“After that full tank has been used, how long will it take to refill?”
That depends on the use case. If the car is driven less than 200 miles, it can recharge overnight in the garage. This accounts for 95%+ of driving, and means no more trips to the gas station.
If driven cross-country, it takes 30 minutes at a Supercharger station to get 170 miles range for a Model S. A nice amount of time to grab a bite to eat, stretch your legs, or do some shopping...
https://www.tesla.com/supercharger
It’s worth looking at the cost to drive (using Atlanta, GA as an example):
BMW:
1. 12000 miles/year
2. 25 miles/gallon
3. 2 dollars/gallon
12000/22 x 2 = $1090.91/year
Tesla:
1. 12000 miles/ year
2. .300 kWh/mile
3. 85% charging efficiency.
4. 10cents/kWh
=12000miles x .300kWh/miles=4000kWh
=4000/.85= 4706kWh x 1.5cents/kWh = $70.59/year (EV rate between 11 PM and 7 AM)

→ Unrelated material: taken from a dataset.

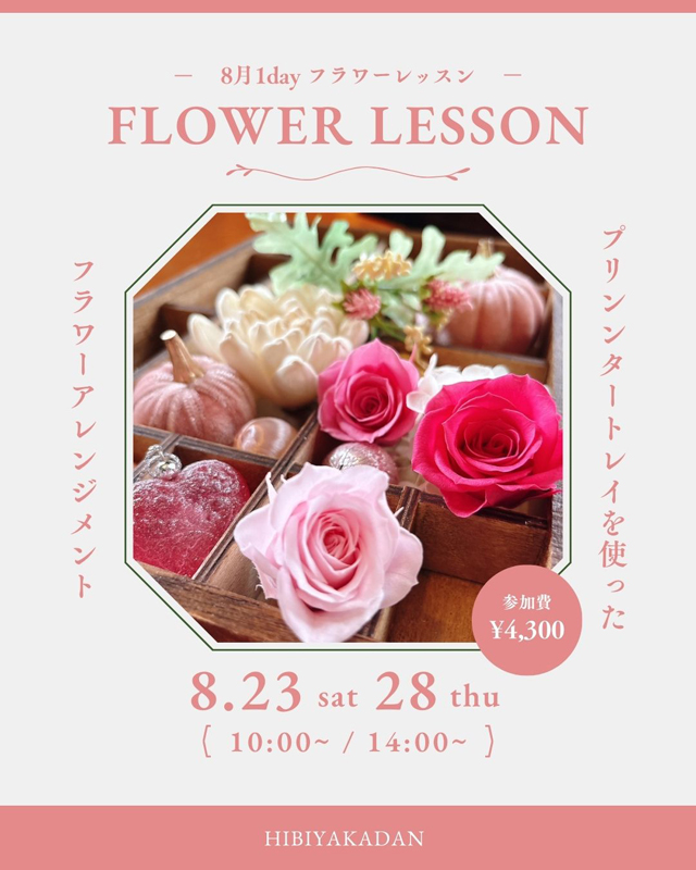 2025年8月23日(土)、8月28日(木)に福岡市中央区西中洲にある重要文化財、旧福岡県公会堂貴賓館(福岡市中央区西中洲6番29号)にて、「1Dayフラワーレッスン」を開催します。

Even using full-rate electricity, the Tesla would only cost $350 a year to fuel.
“When will the BMWs gas tank need to be replaced, if ever?”
How many luxury car owners keep their cars past 200K miles? The first article below involves a Tesla Model 90 that hit 200K miles, while only losing 6% battery capacity.
http://www.teslarati.com/tesla-model-s-reaches-200000-miles/
http://www.teslarati.com/how-long-will-tesla-battery-last-degradation/
Whoops, forgot to fix one number in the example. Item 4 under Tesla should be 1.5 cents per KWH. Normal rate electricity in Atlanta is under 7 cents per KWH.
Except when the power is out.
When the electricity in my area went out a couple of weeks ago I was able to get in my car and go elsewhere.
Not possible in that over priced hunk of junk.
You like them, you buy them. But stop peeing on our back and telling us it is rain.
At 70 mph, that's ~2 hours 25 minutes. Toss in the 30 minute 'rest' and you can eat 3 meals in 510 miles; while taking 9 hours to do it.
I can get about double that range in a 5 minute fill up.
Seems like we'd need about 12 times as many SCSs as gas pumps to match the range/fillup time ratio.